Information shown: Begin
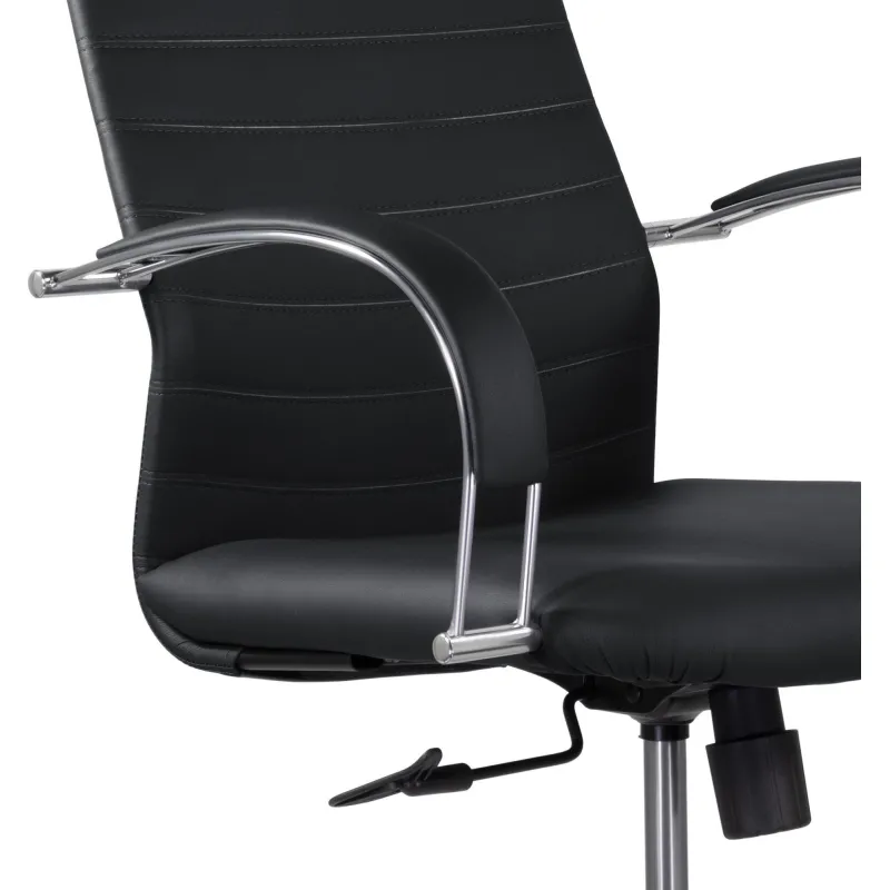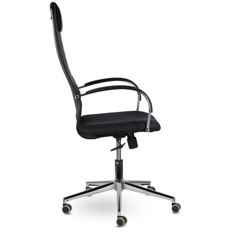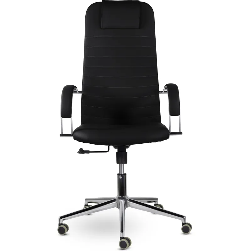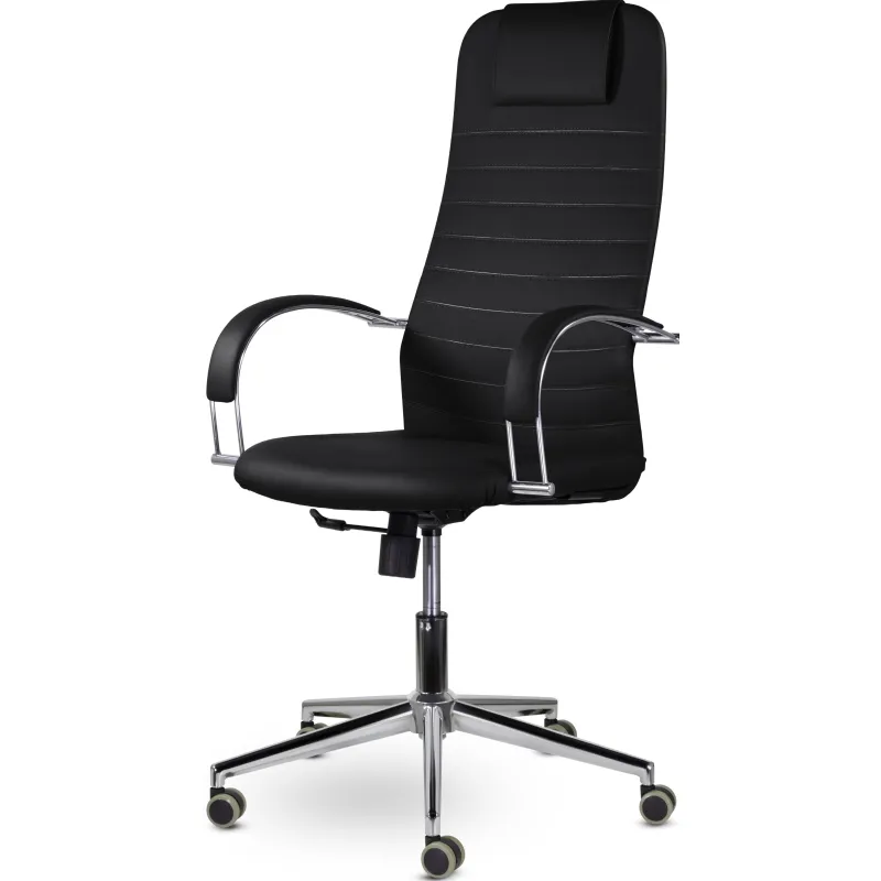 Кресло руководителя. Стильное кресло повышенного комфорта с высокой эргономичной спинкой и мягким подголовником подходит как сотрудникам, так и руководителям. Оно оснащено широкими двусторонними подлокотниками и механизмом качания Топ-Ган. Эта модель прекрасно дополнит интерьер открытого офиса или домашнего кабинета.
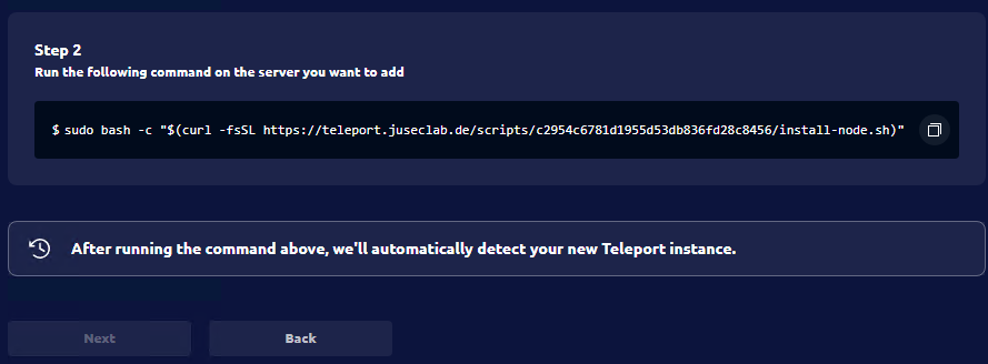 Im 2. Schritt erhalten wir einen Befehl, den wir auf dem System, das wir hinzufügen wollen, ausführen müssen. Nach dem Ausführen meldet sich das System dann bei Teleport und wir können mit der Einrichtung fortfahren.
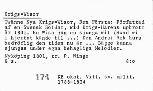 //// Krigs=Wisor //// Twänne Nya Krigs=Wisor, Den Första: Författad af en Swensk Soldat, wid Krigs-Härens upbrott år 1801. En Wisa jag nu sjunga wil (Hwad wi i hjertat kände til ...) Den Andra: Ack huru bedröflig den tiden nu är ... Bägge kunna sjungas under egna behagliga Melodier. //// Nyköping 1801, tr. P. Winge 8 s. 8:o //// 174 KB okat. Vitt. sv. milit. //// 1788-1834 ////
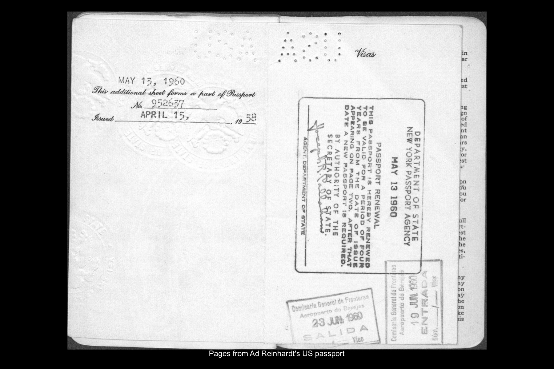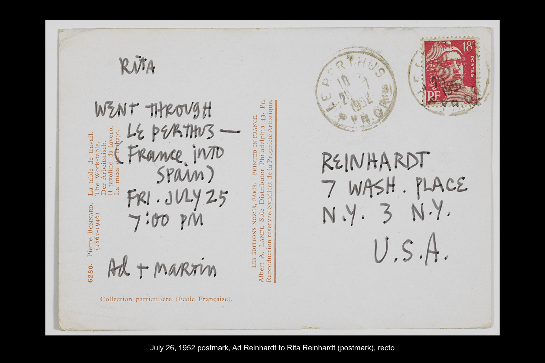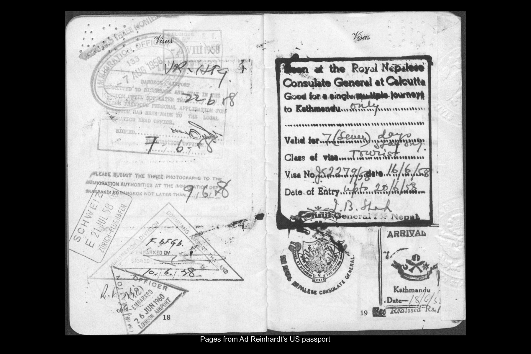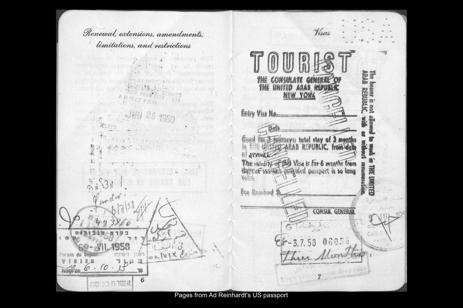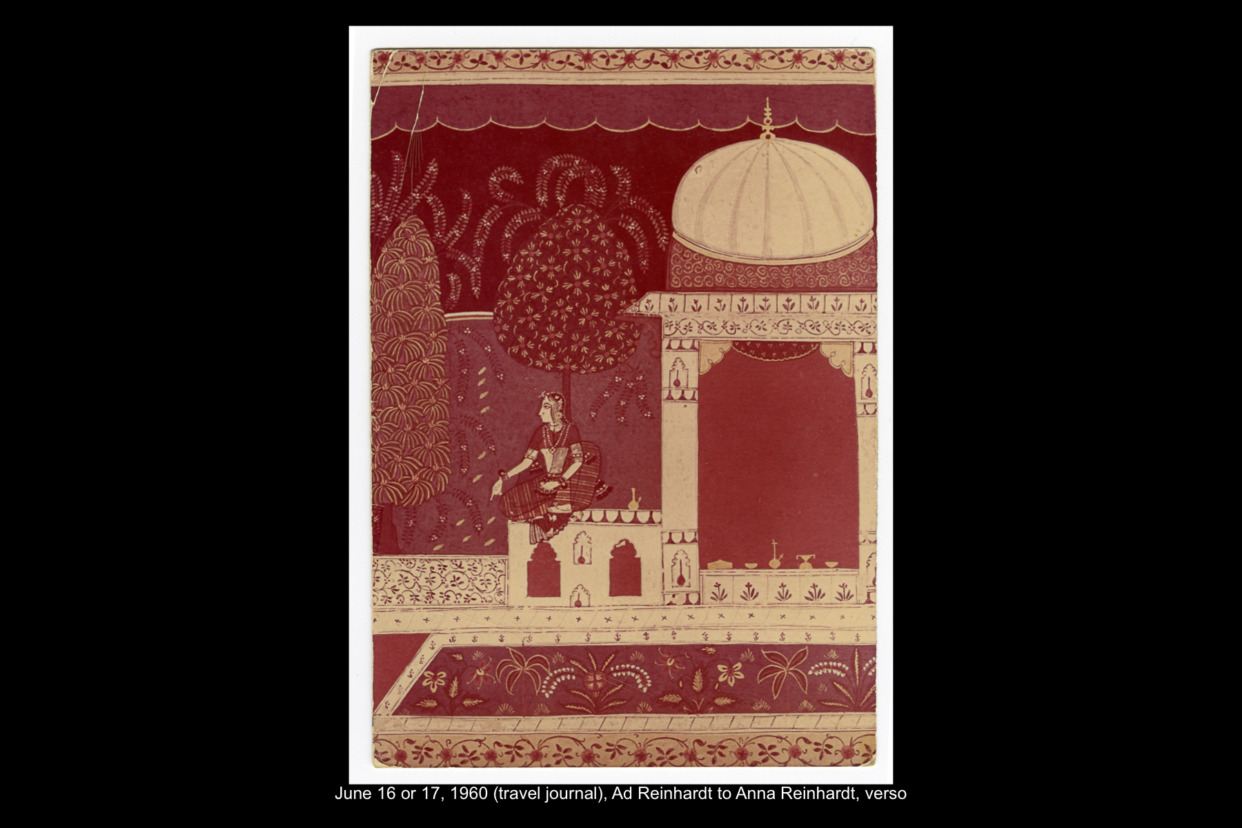 In June 1960 Reinhardt travelled to Paris to install his solo show Mysticisme athée at Galerie Iris Clert. After the opening of his Paris show, he flew to Madrid and visited the Prado museum, followed by a five-day Thomas Cook bus tour of Madrid, Córdoba, Sevilla, and Granada. While Reinhardt did not keep a travel journal for this 3-week trip, correspondence to his wife, Rita, and daughter, Anna, provides many key details. In letters to Rita he indicates that taking the Cook’s tour was the best way to ensure that he would see all that he wanted to see of Moorish Spain. See here for postcards and letters to his wife, Rita, and daughter, Anna from this trip. See here for Reinhardt's passport pages showing stamps from this trip.
Information shown: End
## What to do:
Would you copy the lines above exactly, starting with the one that has "Im 2. Schritt" and ending with the one that has "milit. //// 1788-1834 ////", both included, without the pictures?

## Expected answer:
 Im 2. Schritt erhalten wir einen Befehl, den wir auf dem System, das wir hinzufügen wollen, ausführen müssen. Nach dem Ausführen meldet sich das System dann bei Teleport und wir können mit der Einrichtung fortfahren.
 //// Krigs=Wisor //// Twänne Nya Krigs=Wisor, Den Första: Författad af en Swensk Soldat, wid Krigs-Härens upbrott år 1801. En Wisa jag nu sjunga wil (Hwad wi i hjertat kände til ...) Den Andra: Ack huru bedröflig den tiden nu är ... Bägge kunna sjungas under egna behagliga Melodier. //// Nyköping 1801, tr. P. Winge 8 s. 8:o //// 174 KB okat. Vitt. sv. milit. //// 1788-1834 ////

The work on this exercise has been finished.